The bottom line is our congressional system was designed to thwart popular action and maintain the dominance of the southern planter class.  Its bicameral structure needlessly increases the number of goals needed to advance a bill, and the senate systematically undervalues the votes of urban citizens, sometimes by multiple orders of magnitude.  Furthermore, our supreme court has a unique status worldwide in that it is unelected, serves life terms, and has effectively uncheckable power, as the amendment process is nigh impossible, even with a competent and representative election system which we lack.
Judicial Review has certainly proven useful over the years- can you imagine school integration, legalization of consensual sodomy, Gay Marriage (for some), (temporary) extension of the Bill of Rights to high school students, or a Woman’s Right to Choose happening when they did, if even at all, if it hadn’t been for a court of unanswerable power?  Conversely, can you imagine corporate personhood, the destruction of campaign finance, complete fabrication of a universal right to play with weapons, or the present erosion of union rights happening without it?  I’ll leave Bush v. Gore off the table for now.  The events of recent weeks have been sufficient to push “People’s History of the Supreme Court” to the top of my list- it’s accomplished so much good, due in large part to its invincibility before public opinion, and until recently I was willing to call it a wash.  Now, with an irrevocably broken election system fueling those who choose its members and no real means to control our legislators, let alone unelected judges, it seems just one more barrier to democratic action- this can be a good or a bad thing, but does anyone think it wouldn’t be easier to get a functioning government under a parliamentary model, with a weaker court and dependent executive?
The problem with trusting to democratic processes to figure this out is that our system is not democratic and systematically disenfranchises millions while deciding elections based on a woefully corrupt, ridiculously expensive, and technically obsolete system of campaigns and voting.  The artificial guarantee of rights to states at the expense of citizens (witness the weighting of small states vs. big states, undercounting residents of the big ones) is a further complication.
I recognize the theoretical merit and historical use of judicial review, as well as the present excitement possible by state-based reform, but here are some changes I would like to see.
Parliamentary government- ok off the table for now, but we can adopt many of its common advantages, namely
                Proportionate Representation in legislatures
                Unicameral legislatures
                Ideologically responsible parties
I actually think the present level of state power is manageable if we had a unified federal government.  As we don’t, I’m left pondering a more Unitarian model.  At the very least, legislation should permit fewer loopholes for dissenting states to flout regulations.
Elections- public finance, public finance, public finance
                Party Based voting
                More representatives, smaller districts
Once private money is out of the picture, the initiative, referendum, and recall become viable tools once more, which may be all that’s needed to save the concept of judicial review.
I know this is short and a bit incoherent, so please post.  I want to discuss possible fixes, not just spitball my own ideas.
Solidarität, Genossinnen und Genossen.
Genosse Graham

4 comments:

  1. I am actually against Proportionate Representation in legislatures and Unicameral legislatures. Proportionate Representation wouldn't necessarily work, think the Conservative-LibDem coalition in the U.K. The United States will keep the bicameral legislature because that is what we had from the beginning of the of the United States.

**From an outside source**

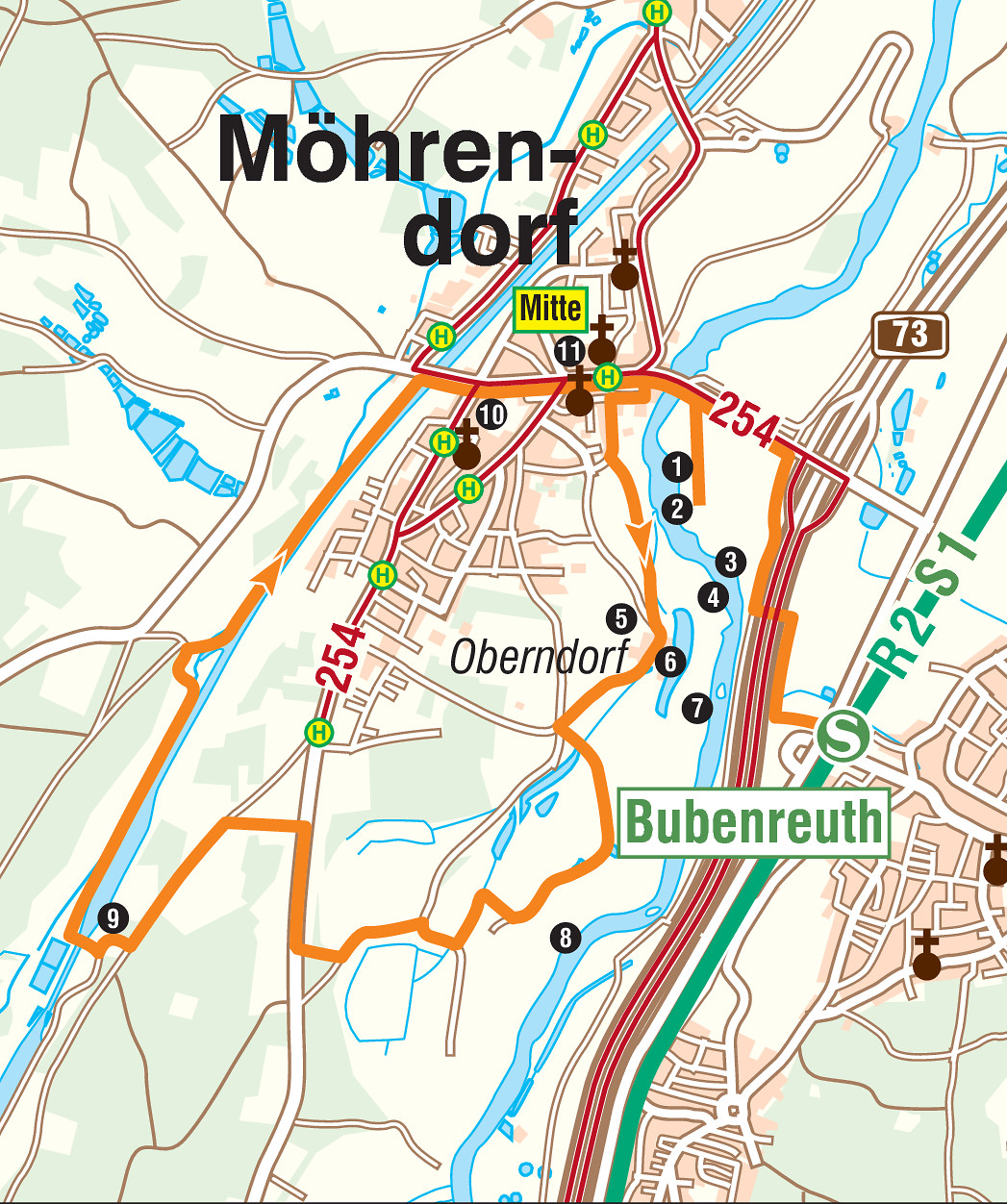 Wir starten entweder in Möhrendorf an der Haltestelle Mitte oder in Bubenreuth am Bahnhof.

    Public financing of elections would open up great opportunity for Ideologically responsible parties I.E. making Democrats way more progressive and Republicans may be conservative, but have more libertarian ideas in discussion.

    While most people vote based on Party, but if the party decides which order the candidates are elected, I think that would be a major problem. I still think candidates matter, a Feingold/Dean ticket or other Progressive candidate for state and local races would be better than Obama/Biden or Clinton/VP, Mark Warner, Joe Manchin, ect.

    I don't think more representatives and smaller districts wouldn't change what I see the problem with House of Representatives. I think we need redistrict in different way, so districts will more evenly distributed between races 33% white, 33% African American, and 33% Latino, so a candidate would be forced to make broad collation of voters which may lead better overall representation.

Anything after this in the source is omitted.